Dataset records
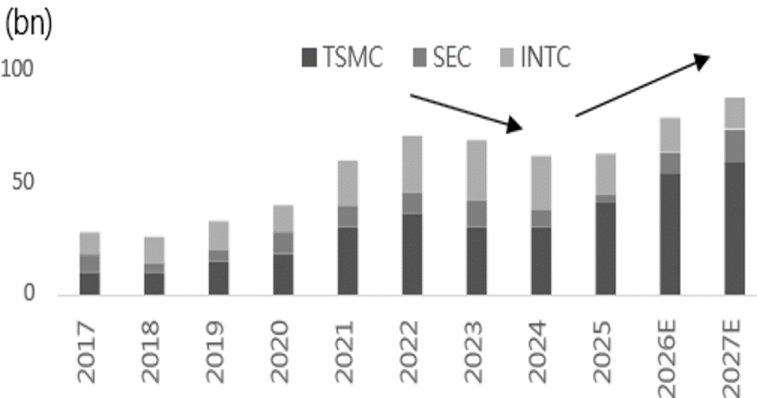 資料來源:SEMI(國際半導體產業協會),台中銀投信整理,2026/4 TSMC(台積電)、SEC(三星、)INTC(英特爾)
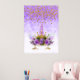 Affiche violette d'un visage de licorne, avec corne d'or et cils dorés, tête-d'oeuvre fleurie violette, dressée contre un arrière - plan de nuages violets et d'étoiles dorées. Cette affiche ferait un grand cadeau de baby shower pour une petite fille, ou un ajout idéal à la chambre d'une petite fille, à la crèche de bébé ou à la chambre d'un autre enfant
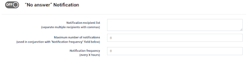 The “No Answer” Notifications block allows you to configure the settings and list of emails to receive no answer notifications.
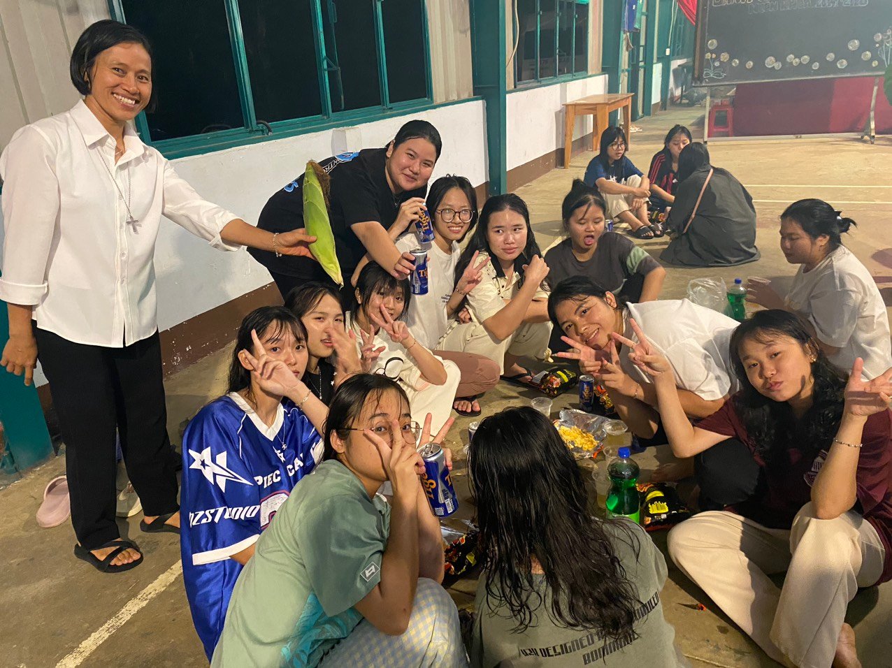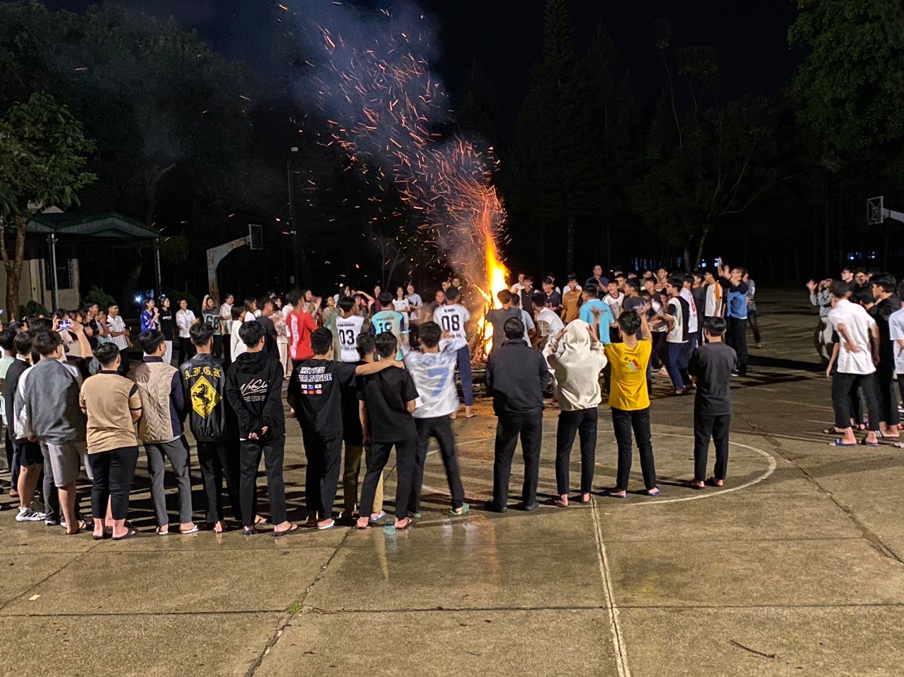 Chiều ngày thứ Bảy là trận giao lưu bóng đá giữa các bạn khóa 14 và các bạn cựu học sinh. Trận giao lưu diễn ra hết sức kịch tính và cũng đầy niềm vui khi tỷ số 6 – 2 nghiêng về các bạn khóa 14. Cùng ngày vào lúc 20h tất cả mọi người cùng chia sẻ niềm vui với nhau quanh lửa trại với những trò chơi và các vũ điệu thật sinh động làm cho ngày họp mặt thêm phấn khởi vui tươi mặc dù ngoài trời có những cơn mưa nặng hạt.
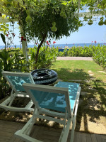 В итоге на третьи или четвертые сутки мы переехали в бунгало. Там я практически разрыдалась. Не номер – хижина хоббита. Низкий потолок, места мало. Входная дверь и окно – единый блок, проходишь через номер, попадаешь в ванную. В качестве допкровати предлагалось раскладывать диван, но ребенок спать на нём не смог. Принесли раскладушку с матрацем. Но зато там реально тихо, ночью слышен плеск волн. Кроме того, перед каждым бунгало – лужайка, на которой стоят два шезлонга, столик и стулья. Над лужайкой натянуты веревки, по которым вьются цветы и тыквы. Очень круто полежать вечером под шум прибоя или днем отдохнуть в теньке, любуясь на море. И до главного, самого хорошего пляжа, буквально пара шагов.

PROMPT
Restate the data above word for word, so that the only difference is the missing pictures.

RESPONSE BOX
 資料來源:SEMI(國際半導體產業協會),台中銀投信整理,2026/4 TSMC(台積電)、SEC(三星、)INTC(英特爾)
 Affiche violette d'un visage de licorne, avec corne d'or et cils dorés, tête-d'oeuvre fleurie violette, dressée contre un arrière - plan de nuages violets et d'étoiles dorées. Cette affiche ferait un grand cadeau de baby shower pour une petite fille, ou un ajout idéal à la chambre d'une petite fille, à la crèche de bébé ou à la chambre d'un autre enfant
 The “No Answer” Notifications block allows you to configure the settings and list of emails to receive no answer notifications.
 Chiều ngày thứ Bảy là trận giao lưu bóng đá giữa các bạn khóa 14 và các bạn cựu học sinh. Trận giao lưu diễn ra hết sức kịch tính và cũng đầy niềm vui khi tỷ số 6 – 2 nghiêng về các bạn khóa 14. Cùng ngày vào lúc 20h tất cả mọi người cùng chia sẻ niềm vui với nhau quanh lửa trại với những trò chơi và các vũ điệu thật sinh động làm cho ngày họp mặt thêm phấn khởi vui tươi mặc dù ngoài trời có những cơn mưa nặng hạt.
 В итоге на третьи или четвертые сутки мы переехали в бунгало. Там я практически разрыдалась. Не номер – хижина хоббита. Низкий потолок, места мало. Входная дверь и окно – единый блок, проходишь через номер, попадаешь в ванную. В качестве допкровати предлагалось раскладывать диван, но ребенок спать на нём не смог. Принесли раскладушку с матрацем. Но зато там реально тихо, ночью слышен плеск волн. Кроме того, перед каждым бунгало – лужайка, на которой стоят два шезлонга, столик и стулья. Над лужайкой натянуты веревки, по которым вьются цветы и тыквы. Очень круто полежать вечером под шум прибоя или днем отдохнуть в теньке, любуясь на море. И до главного, самого хорошего пляжа, буквально пара шагов.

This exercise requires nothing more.